What to do: From the first line to the last, set down the material exactly and drop every picture.

#### Recorded information

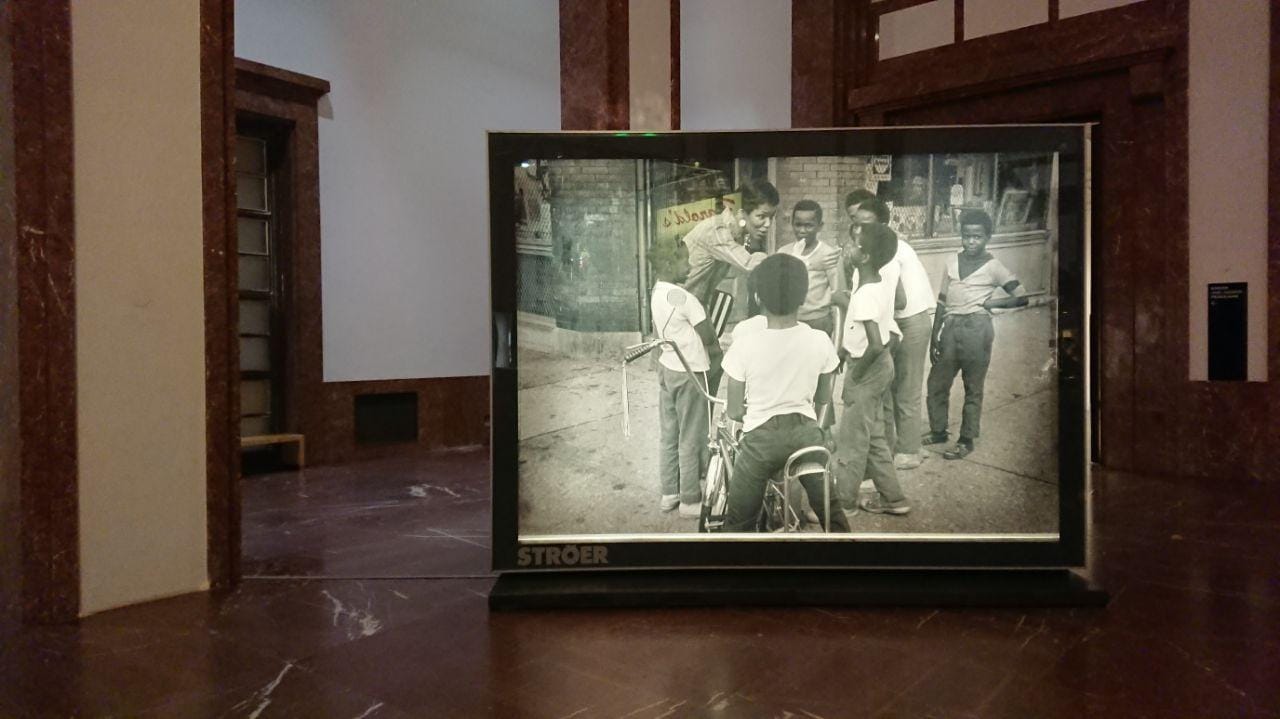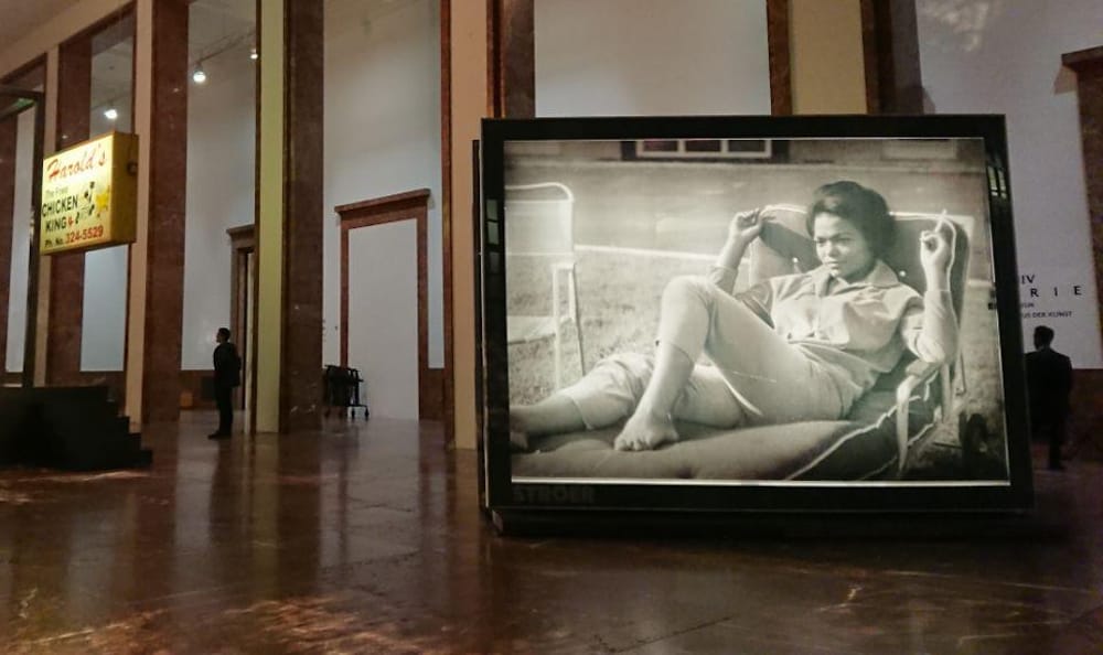Signs made by the German company Stöer used in the exhibition will be familiar to Munich residents, subtly calling to mind previously seen advertisements. Interior and exterior space thus interpenetrate each other. Here, though, the context serves to question the viewing habits of the predominantly white European viewers, many of whom will likely remember the Stöer signs. With which images do we surround ourselves? Gates offers a counter-image to the white-dominated media industry.
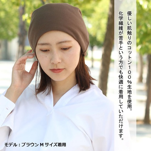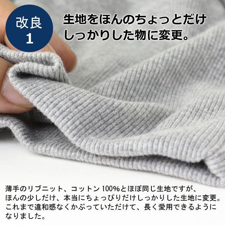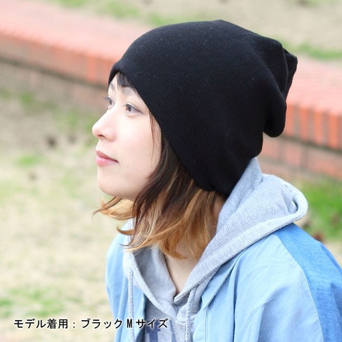 薄手のリブニット、コットン100%と少し触った感じでは改良前とあまり変わらないと思われるかもしれません。しかし、かぶっていただければ「柔らかさはそのままでほんの少ししっかりした」かぶり心地がわかっていただけると思いますし、今まで愛用していただいた方も違和感なくかぶっていただけると思います。
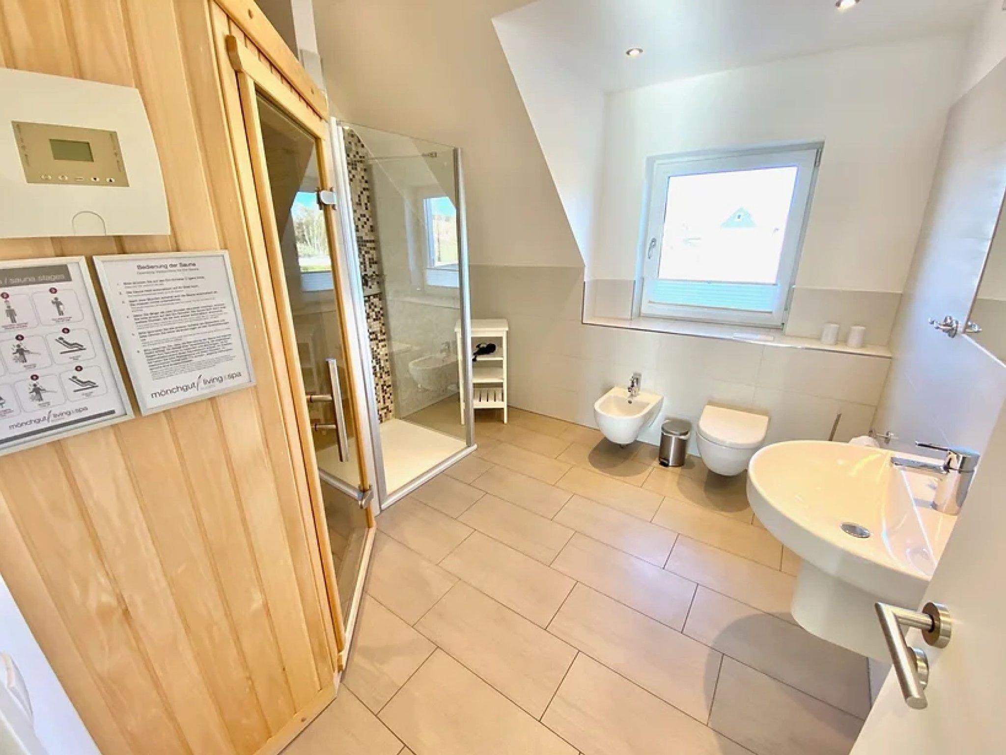 • Badezimmer (11 qm) mit ebenerdiger Dusche, Bidet, beheiztem Handtuchhalter, Fußbodenheizung und Tageslicht
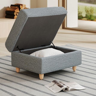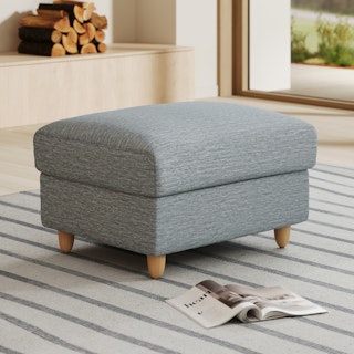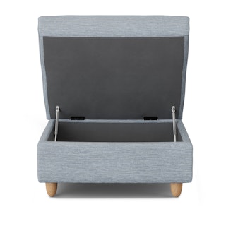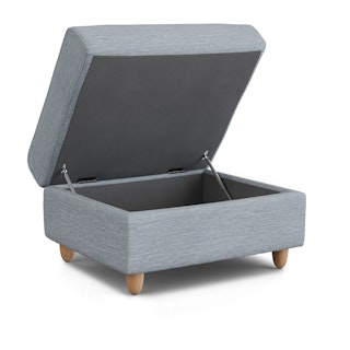 Ottoman? Actually, it's a treasure chest. With its low-profile curvaceous shape and ridiculously cushy cushion, it's ready to stow away your throw blankets, pillows, or that bag of chips you don't want to share.
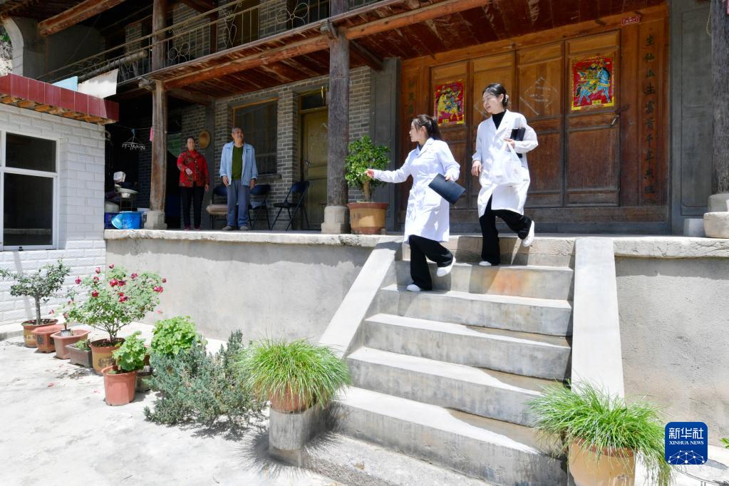 在武都区桔柑镇大岸庙村,李瑞(右)和同事前往出院患者家中回访(5月11日摄)。新华社记者 范培珅 摄
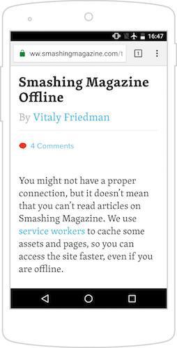 El objetivo es ofrecer la mejor experiencia de usuario posible, incluso sin conexión a Internet. Smashing Magazine permite a la app recuperar y almacenar datos en caché para que los usuarios puedan seguir navegando por la app. En el ejemplo anterior, hemos cargado un artículo y justo después hemos activado el modo avión, para estar seguros de que no teníamos ningún tipo de conexión. Cuando hemos actualizado la página, el artículo todavía estaba disponible para su lectura.
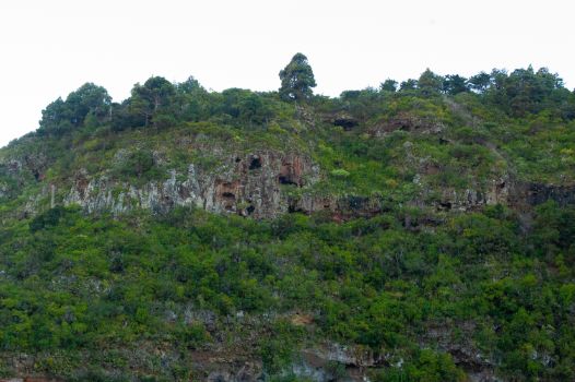 Por otro lado, en el sector medio-alto, aún resisten a las presiones agrícolas y ambientales zonas de bosque termófilo, famoso por las palmeras de alta montaña (Phoenix canariensis). Zonas en las que es fácil distinguir especies características de matorral como jaras (Cistus monspeliensis), granadillos (Hypericum canariense), verodes (Kleinia neriifolia) o sabinas (Juniperus canariensis).

########

Answer box:
Signs made by the German company Stöer used in the exhibition will be familiar to Munich residents, subtly calling to mind previously seen advertisements. Interior and exterior space thus interpenetrate each other. Here, though, the context serves to question the viewing habits of the predominantly white European viewers, many of whom will likely remember the Stöer signs. With which images do we surround ourselves? Gates offers a counter-image to the white-dominated media industry.
 薄手のリブニット、コットン100%と少し触った感じでは改良前とあまり変わらないと思われるかもしれません。しかし、かぶっていただければ「柔らかさはそのままでほんの少ししっかりした」かぶり心地がわかっていただけると思いますし、今まで愛用していただいた方も違和感なくかぶっていただけると思います。
 • Badezimmer (11 qm) mit ebenerdiger Dusche, Bidet, beheiztem Handtuchhalter, Fußbodenheizung und Tageslicht
 Ottoman? Actually, it's a treasure chest. With its low-profile curvaceous shape and ridiculously cushy cushion, it's ready to stow away your throw blankets, pillows, or that bag of chips you don't want to share.
 在武都区桔柑镇大岸庙村,李瑞(右)和同事前往出院患者家中回访(5月11日摄)。新华社记者 范培珅 摄
 El objetivo es ofrecer la mejor experiencia de usuario posible, incluso sin conexión a Internet. Smashing Magazine permite a la app recuperar y almacenar datos en caché para que los usuarios puedan seguir navegando por la app. En el ejemplo anterior, hemos cargado un artículo y justo después hemos activado el modo avión, para estar seguros de que no teníamos ningún tipo de conexión. Cuando hemos actualizado la página, el artículo todavía estaba disponible para su lectura.
 Por otro lado, en el sector medio-alto, aún resisten a las presiones agrícolas y ambientales zonas de bosque termófilo, famoso por las palmeras de alta montaña (Phoenix canariensis). Zonas en las que es fácil distinguir especies características de matorral como jaras (Cistus monspeliensis), granadillos (Hypericum canariense), verodes (Kleinia neriifolia) o sabinas (Juniperus canariensis).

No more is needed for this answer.